You can read more about how to gather each of these items [here](https://developer.quickbase.com). When you have these items, save them into variables for later use. 

I recommend storing the user token somewhat securely. There are many ways to do this and you are free to choose the one you like the best. One simple way to secure it is with an evironment varible. If you are interested, you can find out how to do it [from this stackoverflow post](https://stackoverflow.com/questions/4906977/how-can-i-access-environment-variables-in-python).

Here is what I got for this example.

```python
import os # user token is in an environment variable
hostname = "example.quickbase.com"
dbid = "1234abcdef"
token = f"QB-USER-TOKEN {os.environ['QB_USER_TOKEN']}"
agent = "name-age-upload"
```

### 3) Creating a Schema

The schema defines how qBandas will comunicate the data to QuickBase. For example, if you have a column of integers you could specify that column as `numeric`, `text`, or `duration`. Each of those __column types__ leads to a slightly different handling of the data. Be sure to choose the one you want for your data. See the docs of `qb.transform()` for a comprehensive list of column types and their arguments. 
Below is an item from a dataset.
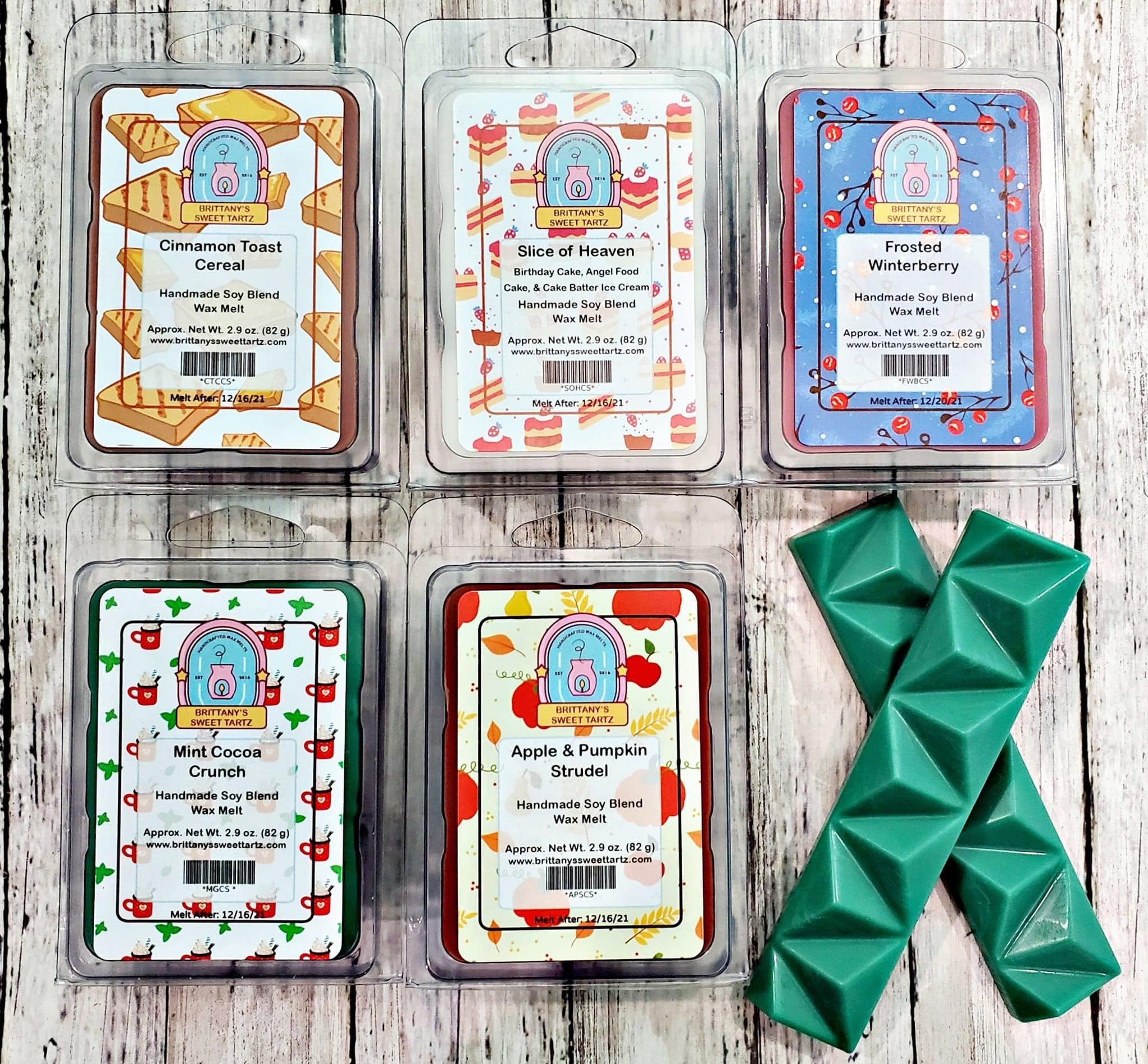 After talking to the owner of Brittany’s, we discussed that she’d like to do something fun, cute, and unique, kind of like her product, say no more! After a few rounds we settled on the cute/kawaii style icon logo with the old fashioned tart warmer graphic. Next to come was the challenge of creating packaging that was equally as fun, and that would be able to work no matter what the scent was. Previously she had been using images of fruit , florals or food to represent what the scent was. Here are the old labels.

The first step in creating a schema is making sure that your data is _parsable_. If your Dataframe contains crazy fragmented or unstructured data, it will most likely need to be cleaned before you continue. Check that your columns contain only data that can be parsed by the specified column types. 

There are several ways to define a schema--and even ways to run qBandas without specifying a schema directly--but the method I recommend most people use is creating a `schema.json` file. The syntax for this file is simple. Inside of curly braces, each column name is a key for a string value which takes the format `"<FID> <column type> <args>"`. 
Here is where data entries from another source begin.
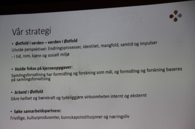 Avd.dir. Lillian Nyborg fikk ordet og fortalte om utviklingen av museet i Halden, - Halden historiske Samlinger (HhS) – og alt dermed tilhørende. Organisasjonen har pr i dag 8 fast ansatte (viste fotomontasje). Vi jobber etter ”Framtidas museum”, Stortingsmelding 49 som kom for 10 år siden. Den gir i hovedsak museene 4 arbeidsområder: 1) Nå flere befolknings- og aldersgrupper. 2) Øke innsikt og kritisk refleksjon, 3) Bidra til by- og tettstedsutvikling og 4) Forvaltning av og tilgjengeliggjøring av samlinger. Innenfor disse områdene er det viktig at det drives forskning. Det har tidligere vært drevet en del forskning i museene, men det har vært mer tilfeldig, - om man har hatt tid og interesse. Nå er dette pålagt som en viktig del av arbeidet.
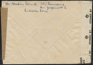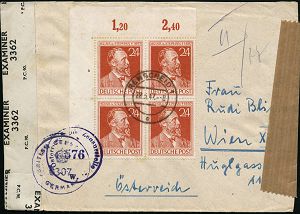 3551 | 22 € | WESTZONEN / BIZONE / TRIZONE (BIS 1949) : REMSCHEID 1/ c 1947 (28.3.) 2K-Steg zentr. auf 24 Pf. H.v. Stephan: Bogen-Eckrand-4er-Block + brit. Zensurstreifen: OPENED BY/ EXAMINER/3362/P.C. 90. + viol. 1K: BRITISH CENSORSHIP/0307/GERMANY = Bonn (Rie.B-6, B-101) + sowjet. Eingangs-Zensur-1K: Österreichische Zensurstelle/576/W. = Wien + neutraler Streifen (Bf. kl. Öffnungsmäng. rs.), Ausl.-Doppel-Zensur-Bf. n. Wien (Mi.963 MeF + 25.- EUR) | ![]() ![]() | |
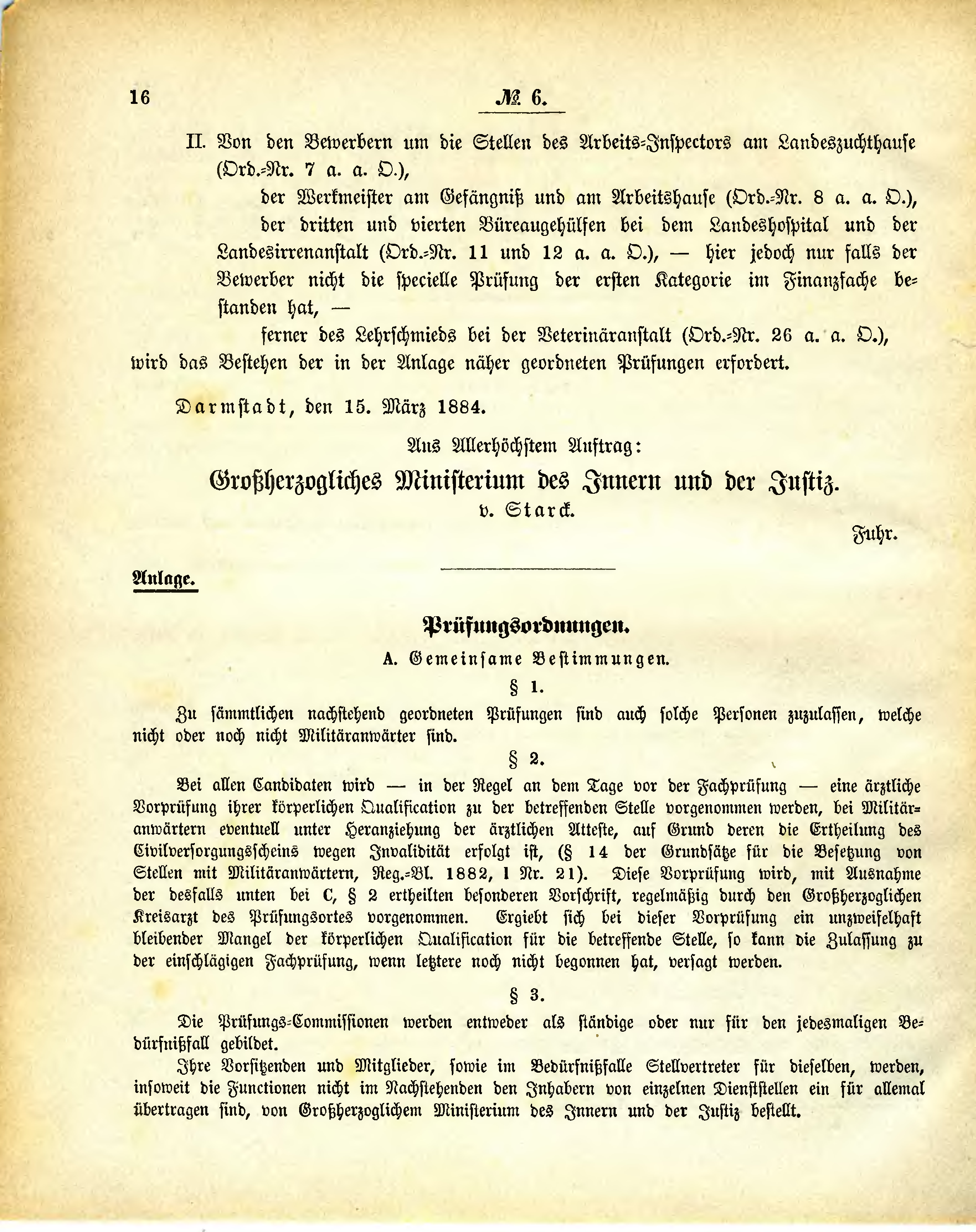 Bei allen Candidaten wird - in der Regel an dem Tage vor der Fachprüfung - eine ärztliche Vorprüfung ihrer körperlichen Qualification zu der betreffenden Stelle vorgenommen werden, bei Militäranwärtern eventuell unter Heranziehung der ärztlichen Atteste, auf Grund deren die Ertheilung des Civilversorgungsscheins wegen Invalidität erfolgt ist, (§ 14 der Grundsätze für die Besetzung von Stellen mit Militäranwärtern, Reg.-Bl. 1882, I Nr. 21). Diese Vorprüfung wird, mit Ausnahme der desfalls unten bei C, § 2 ertheilten besonderen Vorschrift, regelmäßig durch den Großherzoglichen Kreisarzt des Prüfungsortes vorgenommen. Ergiebt sich bei dieser Vorprüfung ein unzweifelhaft bleibender Mangel der körperlichen Qualification für die betreffende Stelle, so kann die Zulassung zu der einschlägigen Fachprüfung, wenn letztere noch nicht begonnen hat, versagt werden.

`<FID>` specifies which column on QuickBase corresponds to which column in your Dataframe. Make sure the column types on QuickBase match the ones you specify. You can gather your FIDs by looking at the QuickBase table's schema. 
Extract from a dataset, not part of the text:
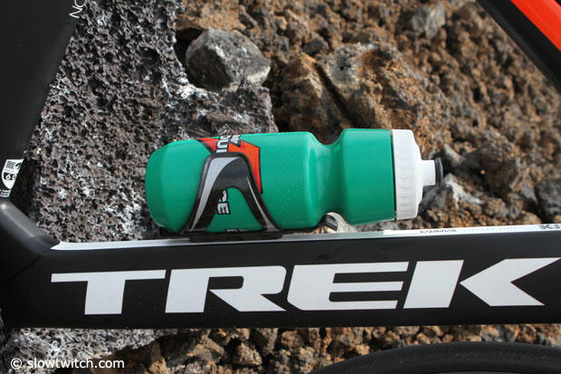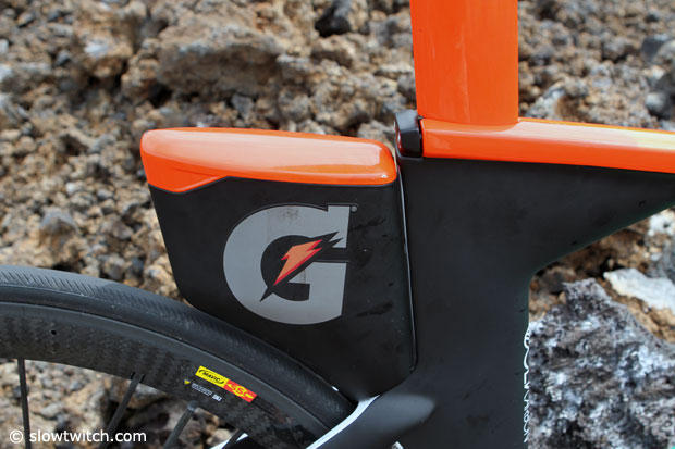 We encountered Aussie Pro Chris Legh on the Queen K highway during 2013 Ironman Kona week and he kindly stopped and let us look closer at his new ride. This new Trek Speed Concept has a stunningly beautiful Gatorade paint job but this reporter sadly managed to scratch the new paint job at the bottom of the downtube.
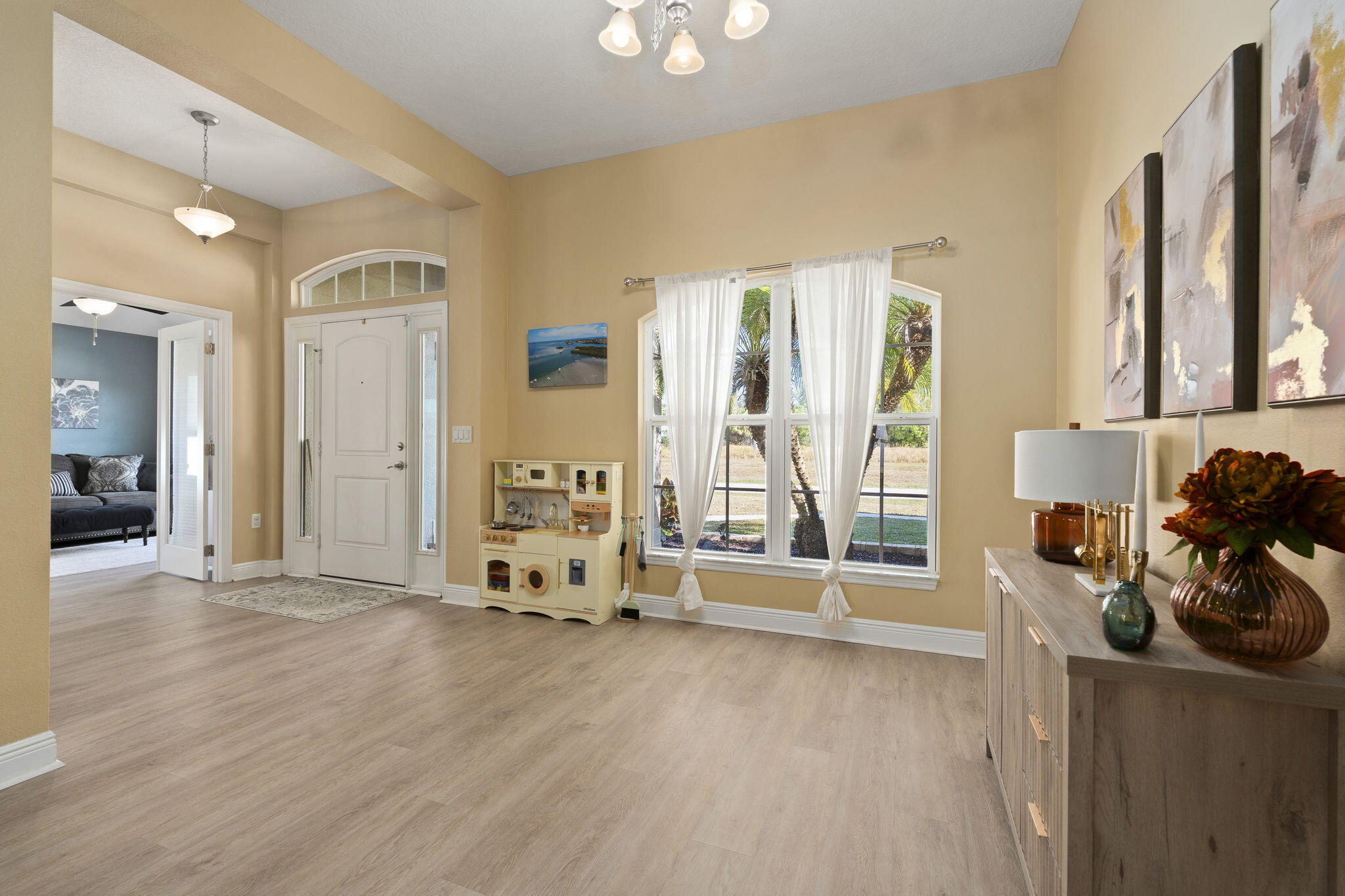 Featuring 4 bedrooms, 3 bathrooms, and a flex room/den, this home offers 2,315 sq ft of thoughtfully designed living space. Newer flooring flows throughout the home, complementing the rich espresso cabinetry, granite countertops, and stainless steel appliances. A desirable split floorplan and high ceilings create an open, airy feel while providing privacy for owners and guests alike. Welcome to 2066 SW Quarry Street!The primary suite is a true retreat, featuring direct access to the patio, two walk-in closets, dual vanities, a separate shower, and a relaxing soaking tub. Across the home, the private 2nd bedroom has convenient access to the 2nd bathroom. The back corner of the home features the 3rd & 4th bedrooms and a 3rd bathroom that offers convenient cabana access to the fully fenced backyardideal for future outdoor entertaining, with plenty of room to add a pool. Perfectly positioned in the heart of the Treasure Coast, this home is just minutes from Tradition (without the HOA), St. Lucie West, Clover Park (Mets Stadium), I-95, top healthcare facilities, shopping, dining, and everyday conveniences. Enjoy quick access to downtown Fort Pierce, downtown Stuart, many golf courses, area beaches, and multiple boat ramps - making it easy to embrace the Florida lifestyle. A well-appointed home in a prime central location - this one checks all the boxes.

If your dataset is large, you may find the method `qb.fastSchema()` helpful for this step. 

EDIT: New in version 0.0.4 is the ability to generate a `.json` schema file through the command line!

Here is what I got.

<div style="margin:0;"><b>schema.json</b></div>

```json
{
    "name": "6 text",
    "age": "7 numeric"    
}
```

I can read this schema into Python.

```python
schema = qb.read_schema('schema.json')
```

### 4) Sending the Data

Now that we have a dataset and a matching schema, we can transform the data into a format that the QuickBase API can understand. These last steps are the steps most likely to throw errors. The formatting of the data in these calls is somewhat spesific, so be sure to read any error messages carefully; they will tell you what is wrong.

In this call we create a list of payloads to send. The data is segmented into chunks to keep the requests under 10MB, the API's maximum request size. For data sets with less than 20,000 records, by default you will get get a single payload. If your data is decently wide you may still encounter problems hitting the maximum request size. In this case, adjust the kwarg `size` to keep each request size down. 

```python
payloads = qb.full_transform(df, schema)
```

The final step is to send your payloads to your QuickBase application. The code for this part offers alot of flexibility, but I will show the simplest option.

```python
for payload in payloads:
    r = qb.send_records(payload, dbid, hostname, agent, token)
    print(qb.pretty_str(r))
    r.raise_for_status()
```

We just loop through each payload and send it with the info we gathered earlier. 

That's it! As long as `r.raise_for_status()` doesn't throw an error, your records will be in your QuickBase application.